Stored data
+===+
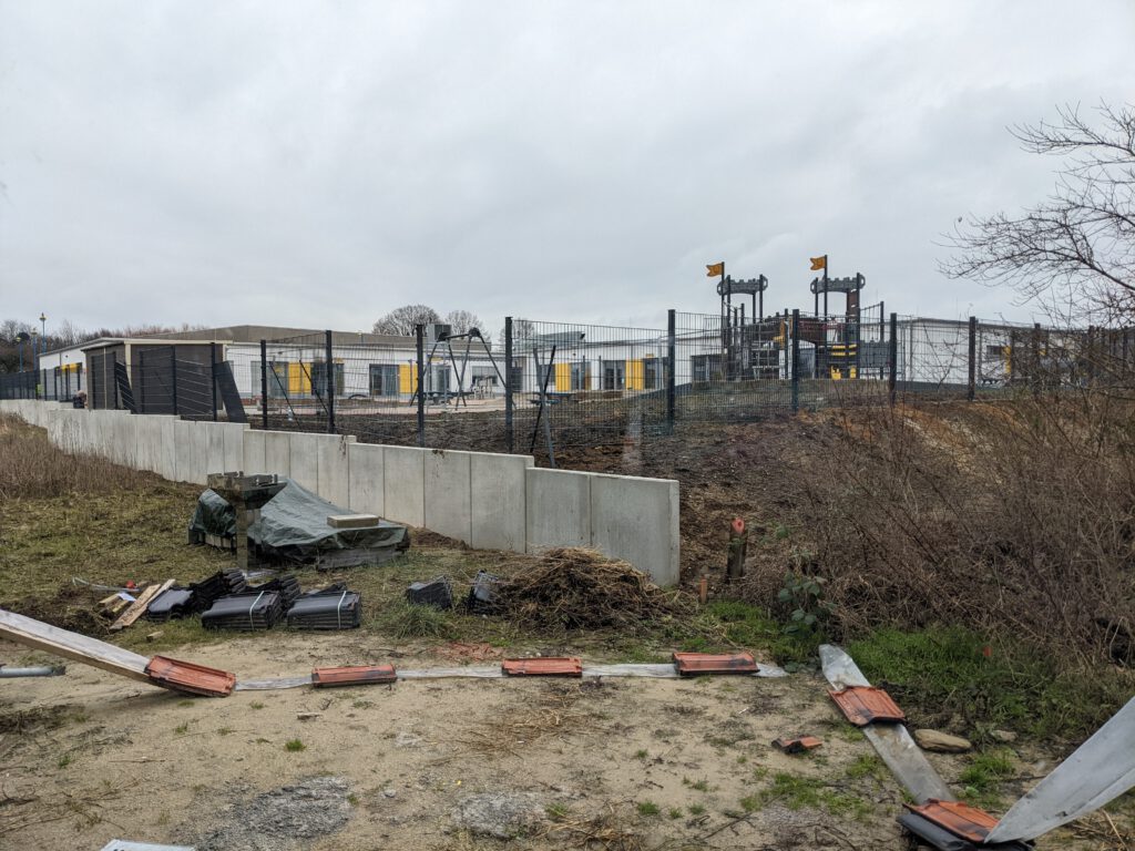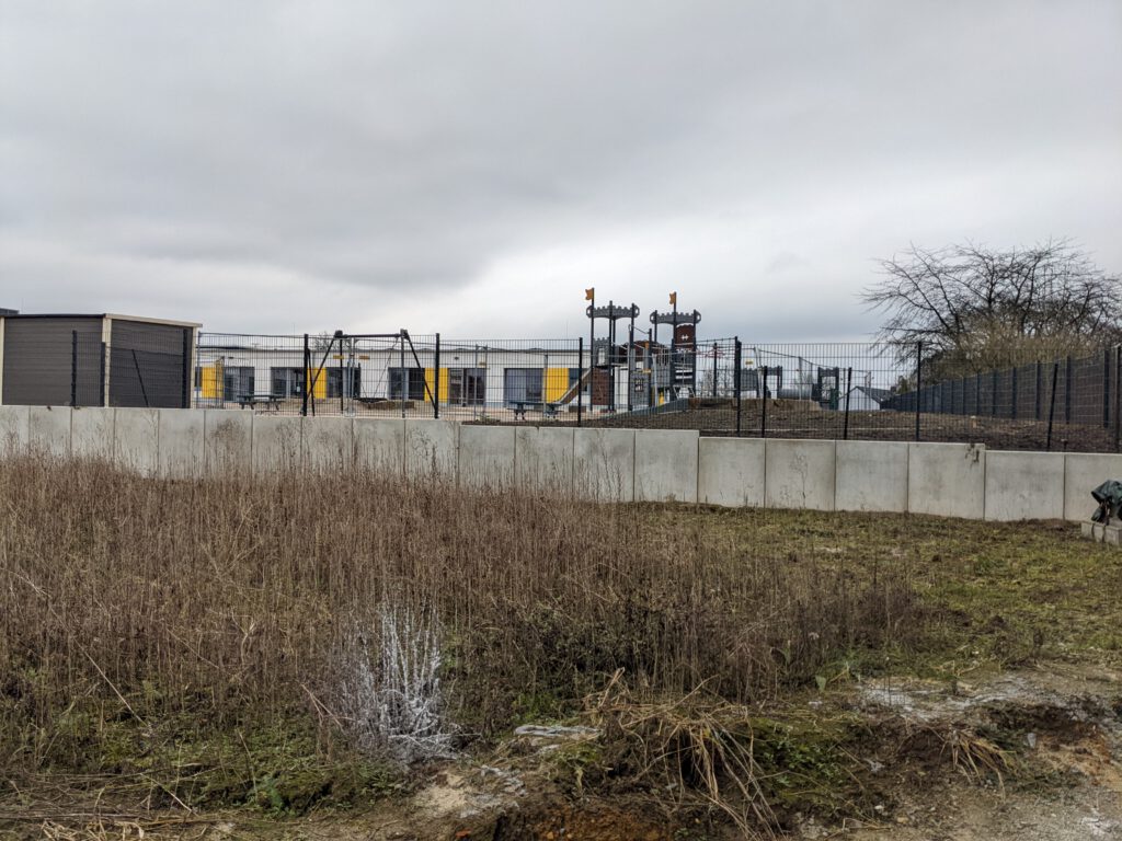 Beim Kindergarten hinter unserem Haus wird gerade der Zaun gesetzt. Ich bin gespannt, wo dann die Bepflanzung hinkommt, damit die kleinen Racker nicht permanent am Zaun stehen und uns beim Grillen zuschauen 🙂
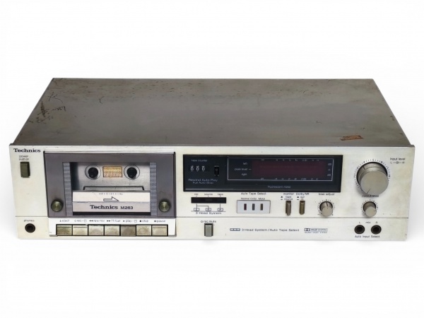 • SOM, um (1) deck de fita cassete da marca Technics, modelo M263, gabinete metálico com painel frontal em acabamento claro, sistema 3 Head, seleção automática de tipo de fita (Normal / CrO / Metal), Auto Tape Select, medidores de nível fluorescentes, controles manuais frontais e entrada para microfone e fones de ouvido, não testado e sem garantia de funcionamento, vendido no estado da foto, medindo 11,5x43x26cm.
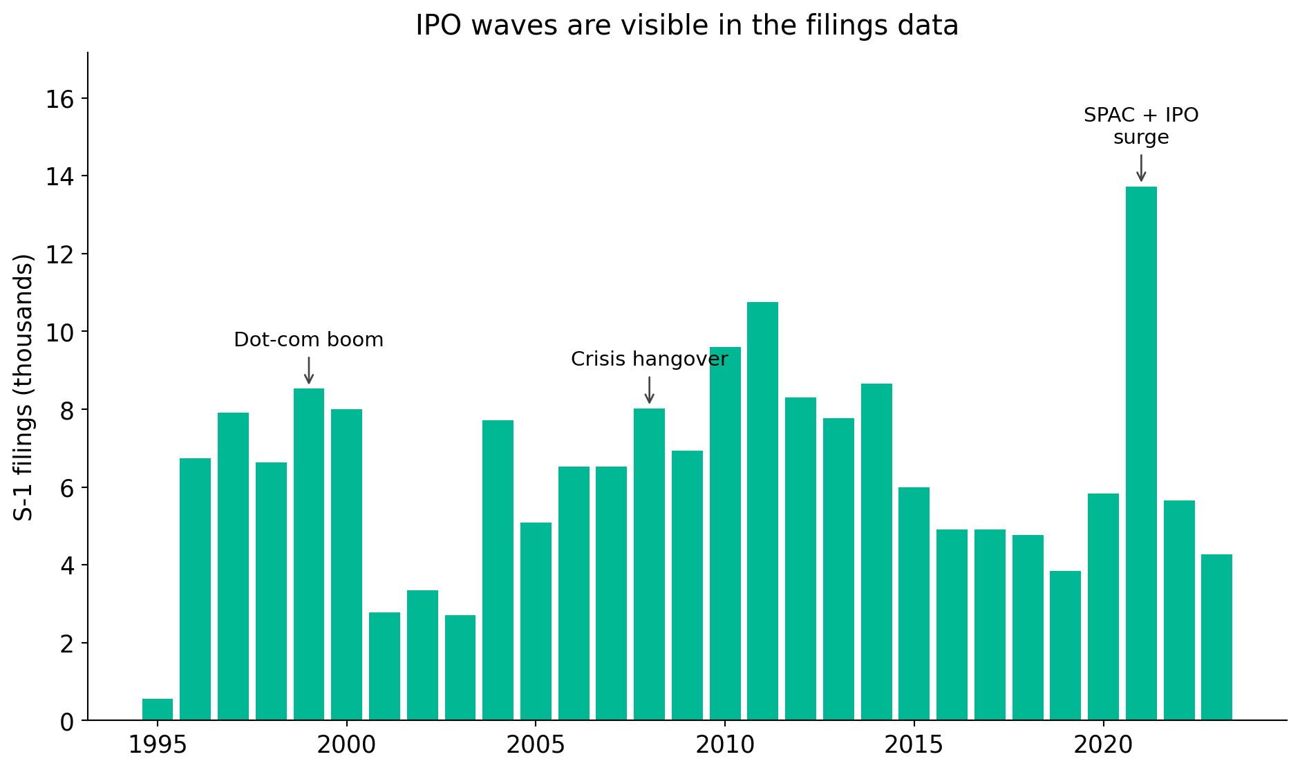 Market history is written in these filings. Dot-com (1999–2000), the post-crisis freeze (2008–2009), and the 2021 SPAC / IPO wave all show up as bumps in the S-1 series.
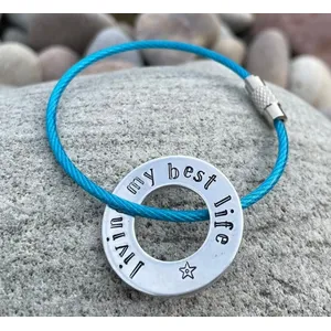 Living My Best Life - wire luggage tag -hand metal stamped bag tag -your choice of colour wire -perfect gift for travel lover
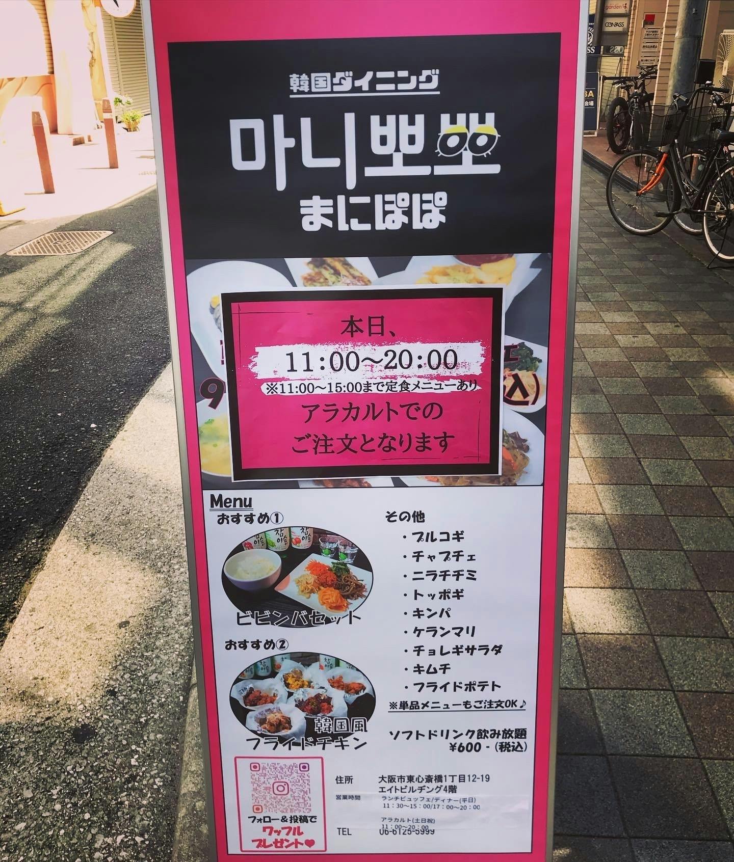 2021/04/13 12:27こんにちは!「韓国ダイニングまにぽぽ」です。現在、大阪ではまん延防止等重点措置が発令されており、5/5まで飲食店は20:00閉店するように要請されております。それに伴い、まにぽぽも5/5までの期間の営業時間を、下記のように変更いたします。【変更前】●平日11:00〜14:00ランチビュッフェ 18:00〜24:00ディナー●土日祝11:00〜14:00ランチビュッフェ 16:00〜24:00ディナー↓【変更後】●平日11:30〜15:30ランチビュッフェ 17:00〜20:00ディナー●土日祝11:00〜20:00アラカルトでのご注文(11:00〜15:00は定食あり)何卒、ご理解、ご協力をよろしくお願いいたしますm(__)m もっと見る
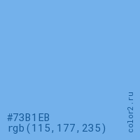 Цвет #73B1EB в цветовой модели RGB обозначается тремя октетами (115, 177, 235) в десятичном формате и #73B1EB в шестнадцатиричном (hex) формате, которые являются интенсивностью красного 115 (hex 73), интенсивность зелёного 177 (hex B1) и интенсивность синего 235 (hex EB).
+===+
→ Work to complete: Please set the records down again exactly as written. The pictures should not be included.

→ Written answer:
 Beim Kindergarten hinter unserem Haus wird gerade der Zaun gesetzt. Ich bin gespannt, wo dann die Bepflanzung hinkommt, damit die kleinen Racker nicht permanent am Zaun stehen und uns beim Grillen zuschauen 🙂
 • SOM, um (1) deck de fita cassete da marca Technics, modelo M263, gabinete metálico com painel frontal em acabamento claro, sistema 3 Head, seleção automática de tipo de fita (Normal / CrO / Metal), Auto Tape Select, medidores de nível fluorescentes, controles manuais frontais e entrada para microfone e fones de ouvido, não testado e sem garantia de funcionamento, vendido no estado da foto, medindo 11,5x43x26cm.
 Market history is written in these filings. Dot-com (1999–2000), the post-crisis freeze (2008–2009), and the 2021 SPAC / IPO wave all show up as bumps in the S-1 series.
 Living My Best Life - wire luggage tag -hand metal stamped bag tag -your choice of colour wire -perfect gift for travel lover
 2021/04/13 12:27こんにちは!「韓国ダイニングまにぽぽ」です。現在、大阪ではまん延防止等重点措置が発令されており、5/5まで飲食店は20:00閉店するように要請されております。それに伴い、まにぽぽも5/5までの期間の営業時間を、下記のように変更いたします。【変更前】●平日11:00〜14:00ランチビュッフェ 18:00〜24:00ディナー●土日祝11:00〜14:00ランチビュッフェ 16:00〜24:00ディナー↓【変更後】●平日11:30〜15:30ランチビュッフェ 17:00〜20:00ディナー●土日祝11:00〜20:00アラカルトでのご注文(11:00〜15:00は定食あり)何卒、ご理解、ご協力をよろしくお願いいたしますm(__)m もっと見る
 Цвет #73B1EB в цветовой модели RGB обозначается тремя октетами (115, 177, 235) в десятичном формате и #73B1EB в шестнадцатиричном (hex) формате, которые являются интенсивностью красного 115 (hex 73), интенсивность зелёного 177 (hex B1) и интенсивность синего 235 (hex EB).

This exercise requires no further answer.